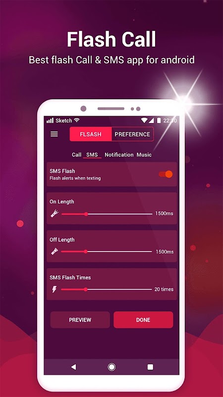 ✔ Set flashlight alerts ON for SMS message or call flash.
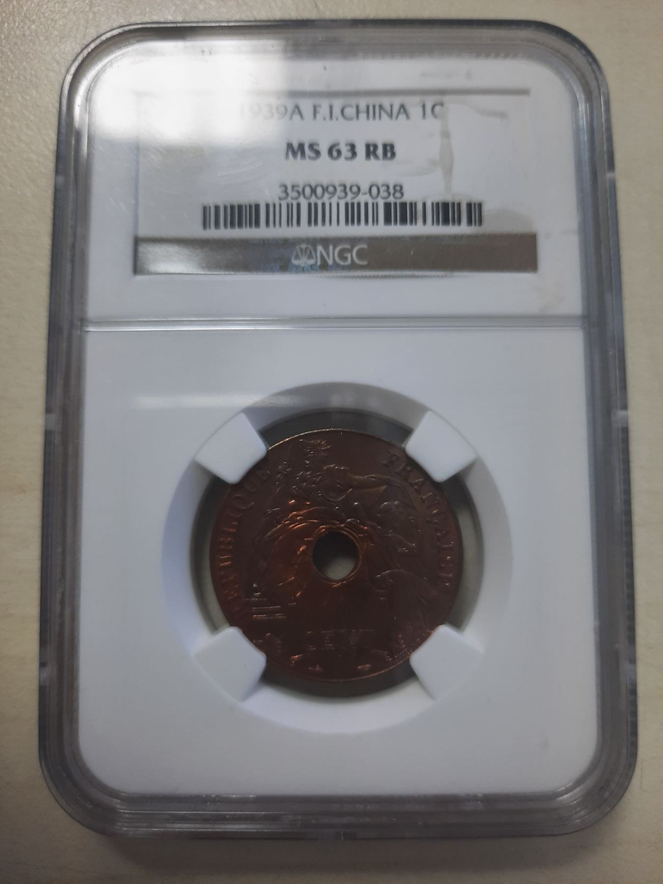 法屬印中, 1 cent 銅幣, 1939-A, NGC MS63RB, French Indo China, 1 cent bronze coin, 1939-A, NGC MS63RB
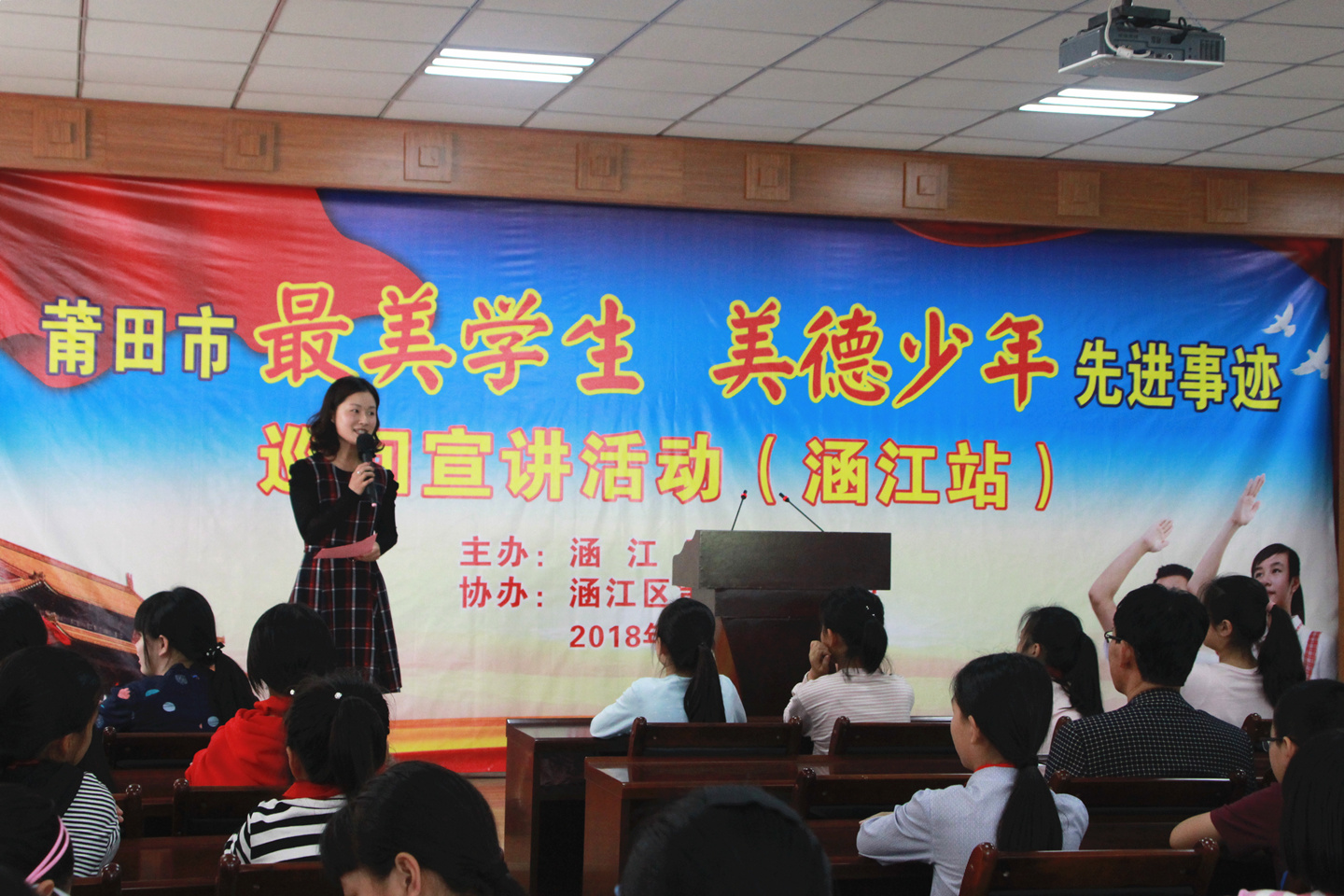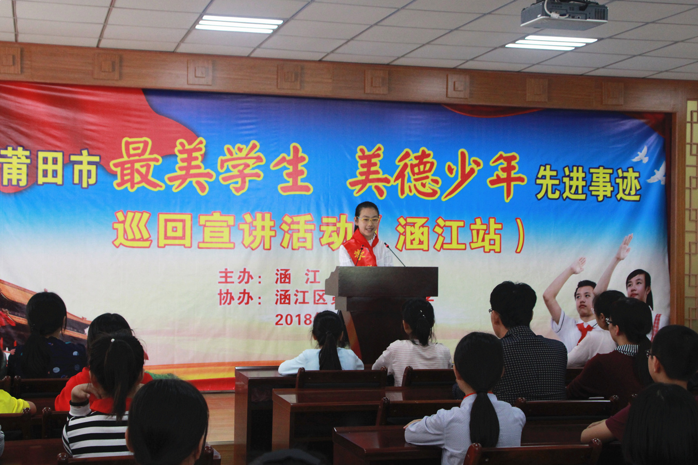 4月11日,莆田市“美德少年”先进事迹巡回宣讲活动在涵江区第二实验小学举行,学校领导和学生们一同聆听了“美德少年”的先进事迹。

## Your objective:
Could the data above be copied out exactly, with no pictures kept?

## Response to this task:
 ✔ Set flashlight alerts ON for SMS message or call flash.
 法屬印中, 1 cent 銅幣, 1939-A, NGC MS63RB, French Indo China, 1 cent bronze coin, 1939-A, NGC MS63RB
 4月11日,莆田市“美德少年”先进事迹巡回宣讲活动在涵江区第二实验小学举行,学校领导和学生们一同聆听了“美德少年”的先进事迹。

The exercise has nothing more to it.